Add LLM Integration Tests #603

devin-ai-integration · 2024-12-24T00:23:09Z

🔍 Review Summary

Purpose:

Enhance the testing framework by integrating tests for multiple LLM providers.

Changes:

Configuration: Introduced environment variables for API keys in GitHub workflow and initialized various LLM providers.
Enhancement: Improved async handling and error management for AI21, Groq, Litellm, and Mistral providers.
Test: Expanded testing to include comprehensive integration tests for all LLM providers, covering both synchronous and asynchronous call patterns.
Dependencies: Updated tox.ini to include necessary test dependencies for new providers.

Impact:

Significantly enhances the reliability and coverage of our testing infrastructure, improving code quality and system integrity.

Original Description

Adds integration tests for Anthropic, Cohere, Groq, Litellm, Mistral, AI21

This PR adds comprehensive integration tests for multiple LLM providers:

Anthropic (Claude)
Cohere
Groq
Litellm
Mistral
AI21

Each test verifies four types of calls:

Synchronous (non-streaming)
Synchronous (streaming)
Asynchronous (non-streaming)
Asynchronous (streaming)

The PR also:

Adds necessary test dependencies to tox.ini
Updates GitHub workflow with required environment variables
Adds debug prints for API key and session verification
Enables LLM call instrumentation in tests

Link to Devin run: https://app.devin.ai/sessions/e034afaf9cfb45529f3b652de116cf0e

- Add integration tests for Anthropic, Cohere, Groq, Litellm, Mistral, AI21 - Add test dependencies to tox.ini - Update GitHub workflow with required environment variables - Add debug prints for API key and session verification - Enable LLM call instrumentation in tests Co-Authored-By: Alex Reibman <[email protected]>

devin-ai-integration · 2024-12-24T00:23:13Z

🤖 Devin AI Engineer

I'll be helping with this pull request! Here's what you should know:

✅ I will automatically:

Address comments on this PR. Add "(aside)" to your comment to have me ignore it.
Look at CI failures and help fix them

⚙️ Control Options:

Disable automatic comment and CI monitoring

Co-Authored-By: Alex Reibman <[email protected]>

entelligence-ai-pr-reviews · 2024-12-24T00:27:07Z

Walkthrough

This update enhances the testing framework by integrating tests for multiple LLM providers, including Anthropic, Cohere, Groq, Litellm, Mistral, and AI21. Key changes include:

Environment Setup: Added API key environment variables in the GitHub workflow.
Provider Configuration: Initialized and configured new LLM providers in agentops/__init__.py.
Provider Enhancements: Refactored AI21, Groq, Litellm, and Mistral providers for better async handling and error management.
Testing: Comprehensive integration tests were added for all new providers, ensuring coverage of synchronous and asynchronous call patterns. OpenAI tests were updated to use the gpt-3.5-turbo model.
Dependencies: Updated tox.ini to include necessary test dependencies for the new providers.

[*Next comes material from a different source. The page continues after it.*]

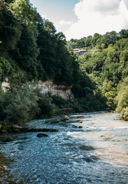 Le jour suivant nous arrivons dans la ville de Bellegarde. L’intérêt de cette étape de la GTJ est surtout de descendre dans les antres de la ville pour découvrir les Pertes de la Valserine. Ce canyon grandeur nature dessiné par les eaux de la Valserine est une pause fraîcheur bien appréciée. C’est donc dans ce cadre luxuriant et apaisant, que l’on suit ces eaux tumultueuses sur un sentier aménagé qui passe de berges en cavités naturelles.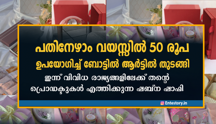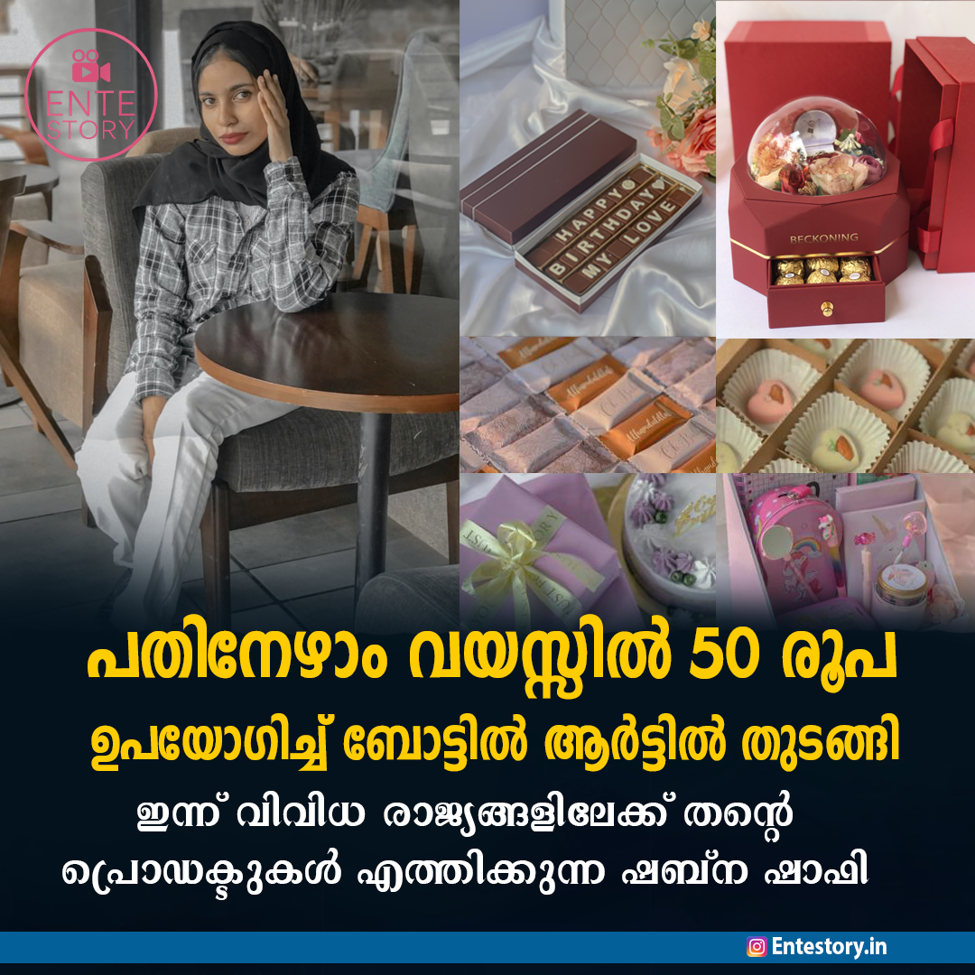 ഡിഗ്രി അവസാന വർഷ വിദ്യാർത്ഥി ആയ കാസർഗോഡ് സ്വദേശിനി ഷബ്ന ഷാഫിക്ക് സ്വന്തമായി രണ്ടു സംരംഭങ്ങൾ ആണ് ഉള്ളത്.Zain _ Arties എന്ന ഇൻസ്റ്റാഗ്രാം പേജിലൂടെ ഗിഫ്റ്റ് ഹാമ്പറുകൾ, വിവിധ ക്രാഫ്റ്റ് പ്രൊഡക്ടുകൾ , Resin Jewelleries ,Key Chains ,Frames ഒക്കെ നിർമ്മിച്ച് സെൽ ചെയ്യുന്നു.കൂടാതെ Choco.Palette എന്ന ബ്രാൻഡിൽ ഹോം മേഡ് ചോക്ലേറ്റുകളും വിപണിയിൽ എത്തിക്കുന്നു.പതിനേഴാം വയസ്സിൽ പ്ലസ് വണ്ണിന് പഠിക്കുമ്പോൾ 50 രൂപ ഉപയോഗിച്ച് ബോട്ടിൽ ആർട്ട് ചെയ്താണ് തുടക്കം.ഇന്ന് ഇന്ത്യ കൂടാതെ ,യുഎഇ,ബഹ്റൈൻ,ഒമാൻ ,സൗദി ഉൾപ്പടെ ഉള്ള ഗൾഫ് രാജ്യങ്ങളിലക്കും ലണ്ടൻ ,സിംഗപ്പൂർ , മാൾട്ട , കാനഡ തുടങ്ങി നിരവധി രാജ്യങ്ങളിലേക്കും തന്റെ പ്രൊഡക്ടുകൾ ഷബ്ന സെൽ ചെയ്യുന്നുണ്ട്.

These changes ensure robust testing and validation of LLM interactions across various providers.

Changes

File(s)	Summary
`.github/workflows/python-testing.yml`	Added environment variables for API keys of new LLM providers.
`agentops/__init__.py`	Initialized new LLM providers and configured them for testing.
`agentops/llms/providers/`	Refactored and enhanced LLM providers (AI21, Groq, Litellm, Mistral) with improved async handling, error management, and response handling.
`tests/`	Added comprehensive integration tests for Anthropic, Cohere, Groq, Litellm, Mistral, and AI21 providers covering all call patterns. Updated OpenAI tests to use `gpt-3.5-turbo`.
`tox.ini`	Included test dependencies for new LLM providers.

🔗 Related PRs

GH Actions: fix the pipeline #564: The PR updates GitHub Actions workflows to utilize the absolute uv managed runtime, improves the static analysis workflow, and fixes Python test actions to ensure proper environment management.
version bump #546: This pull request outlines changes made and includes sections for a description and testing validation.
deps: remove packaging; unpinned & ranged versioning #561: The pull request addresses several issues, clarifies that packaging is an implicit dependency of setuptools, restores a loose dependency on psutil, and caps all dependencies at their latest stable versions for security and performance reasons.
fix tests #562: The pull request addresses issues with newer PsUtil versions failing tests by removing unused arguments in tuples.

Instructions

Emoji Descriptions:

⚠️ Potential Issue - May require further investigation.
🔒 Security Vulnerability - Fix to ensure system safety.
💻 Code Improvement - Suggestions to enhance code quality.
🔨 Refactor Suggestion - Recommendations for restructuring code.
ℹ️ Others - General comments and information.

Interact with the Bot:

Send a message or request using the format:
@bot + *your message*

Example: @bot Can you suggest improvements for this code?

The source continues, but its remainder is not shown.